One of Zenmap's particularly useful features is the ability to scan an entire subnet for targets, which it then interrogates for details. Simply substitute the last number in the IP address for an asterisk ('192.168.0.*' for example). This is also a great way to see if anything has been connected to your network secretly.
Once we know what targets are available to a hacker who has penetrated our defences and can see our network, the next task is to try to discover what facilities each machine offers for exploit. This is important because, even if the hacker can't exploit them directly, they may well be able to interrogate them to produce much more useful information.
NBTEnum, originally written by Reed Arvin, is a very old utility that is now difficult to find, but don't let its age or obscurity fool you. NBTEnum can uncover shockingly large amounts of information from an unprotected Windows PC just by asking for it. You can currently download NBTEnum from the Packet Storm security website.
Open the ZIP file and move the contents into a new folder. NBTEnum is a command line utility, so open a command prompt and navigate to its directory.
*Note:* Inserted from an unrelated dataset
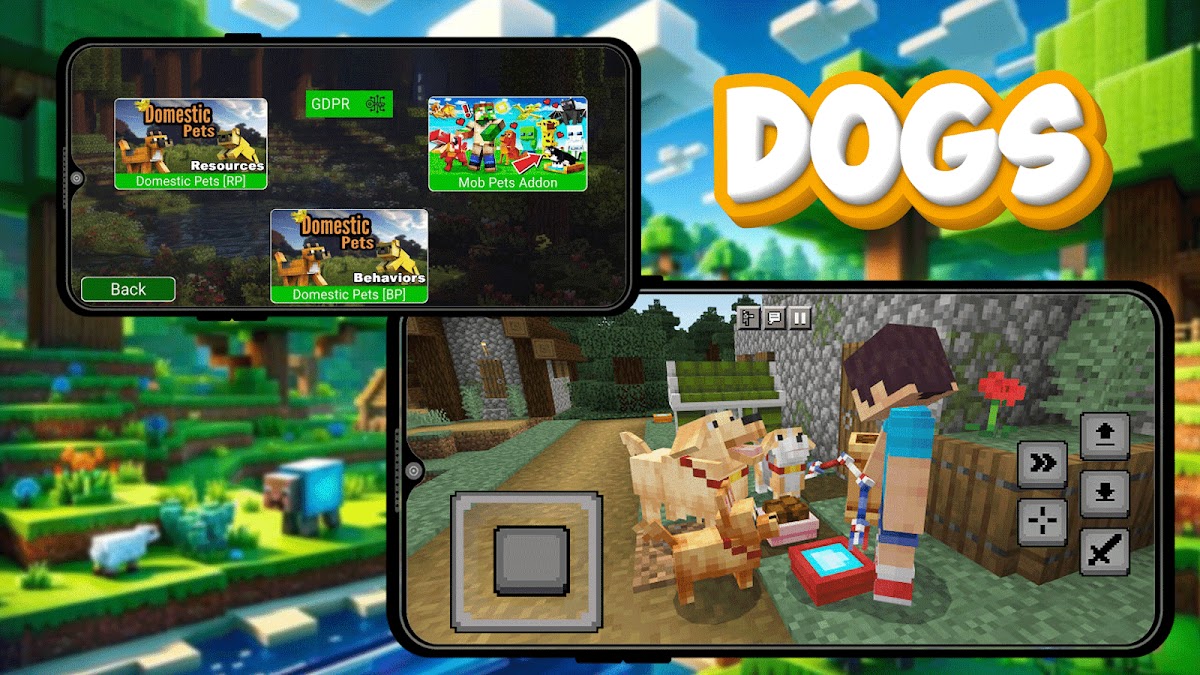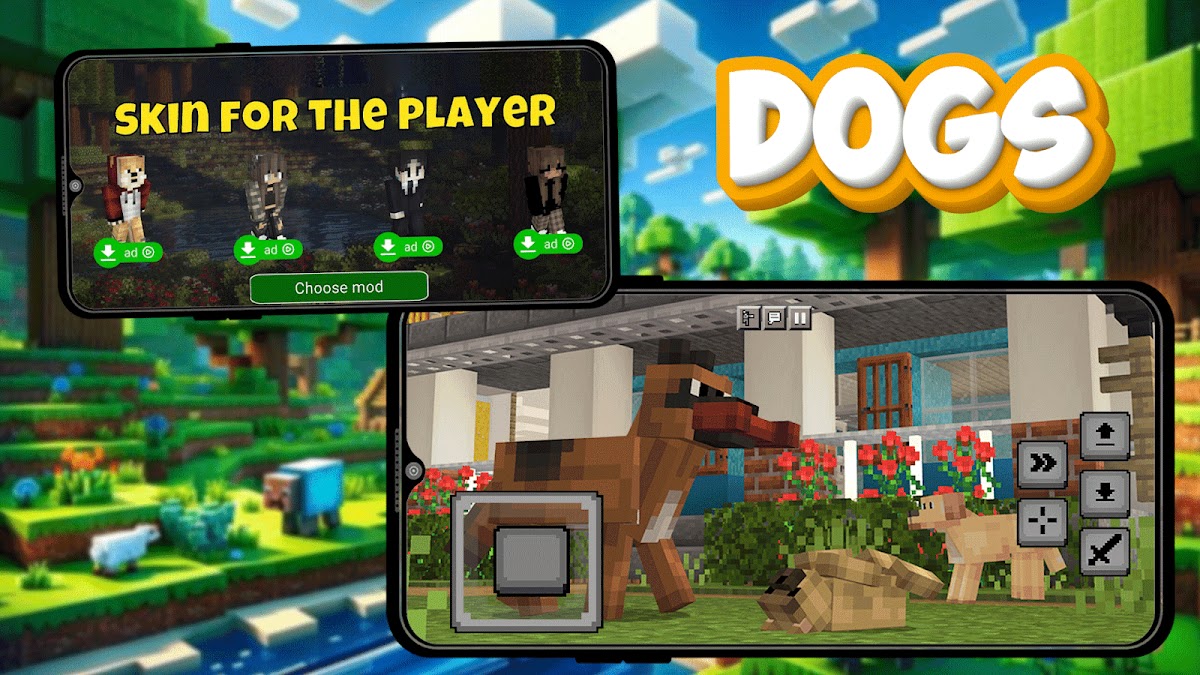 Dogs Mod для Minecraft Pocket Edition — Это самый милый и полезный мод, который только есть в пиксельном мире, с этим аддоном в вашем мире появятся разнообразные питомцы разных видов, новые предметы и крутые улучшения, также у нас большой выбор крутых стилизованных скинов для MCPE

To run enum, enter the command NBTEnum -q <ip address>, substituting the address of a Windows PC on your network where appropriate. If the target accepts connection requests via its NetBIOS service, NBTEnum will create a web page detailing what this shockingly indiscrete service tells it.
Open this in a browser and you should, at minimum, see that NBTEnum has enumerated the shares (if any) that the target says are available for remote mounting. If you know a username and password on the target computer, you can reveal a huge amount of information.
Enter NBTEnum -s <IP address> <username> <password>, making the necessary substitutions. NBTEnum generates more verbiage, but the resultant web page can offer masses of detail.
NBTEnum can also recover the open shares, users and groups, whether accounts are enabled, their lockout threshold and on Windows 7, a full list of services including which ones are currently running. This is all still possible because so many people insist on having no password, one that is simply guessed, or one that is the same as their username.
When I was a network security consultant, finding a network populated by targets running older versions of Windows usually meant a day running NBTEnum against them with a username of 'Guest' and no password. By default, the guest account was enabled and unprotected - perfect to shock network administrators into disabling such accounts.
We live in an increasingly wireless world, but the nature of a wireless signal means the information it carries is broadcast over a wide area. There are a large number of tools that can be used to survey the local Wi-Fi landscape, but one of the best is the Windows port of InSSIDder 2 by Metageek. You can download InSSIDer here.
When run, InSSIDer begins discovering and enumerating the Wi-Fi networks in range. The top half of the interface fills with details of the networks, including their security level. Those with 'none' are wide open for anyone to log in and look around. Those using the older WEP protection are potentially vulnerable to attack, because the algorithm has weaknesses that can be exploited.
In the average neighbourhood, there could be as many as three dozen networks in range, some without any protection. InSSIDer's also displays the Wi-Fi channel used by each router within range.
Change yours to a channel not used in your area and you could see an improvement in overall data transfer speeds.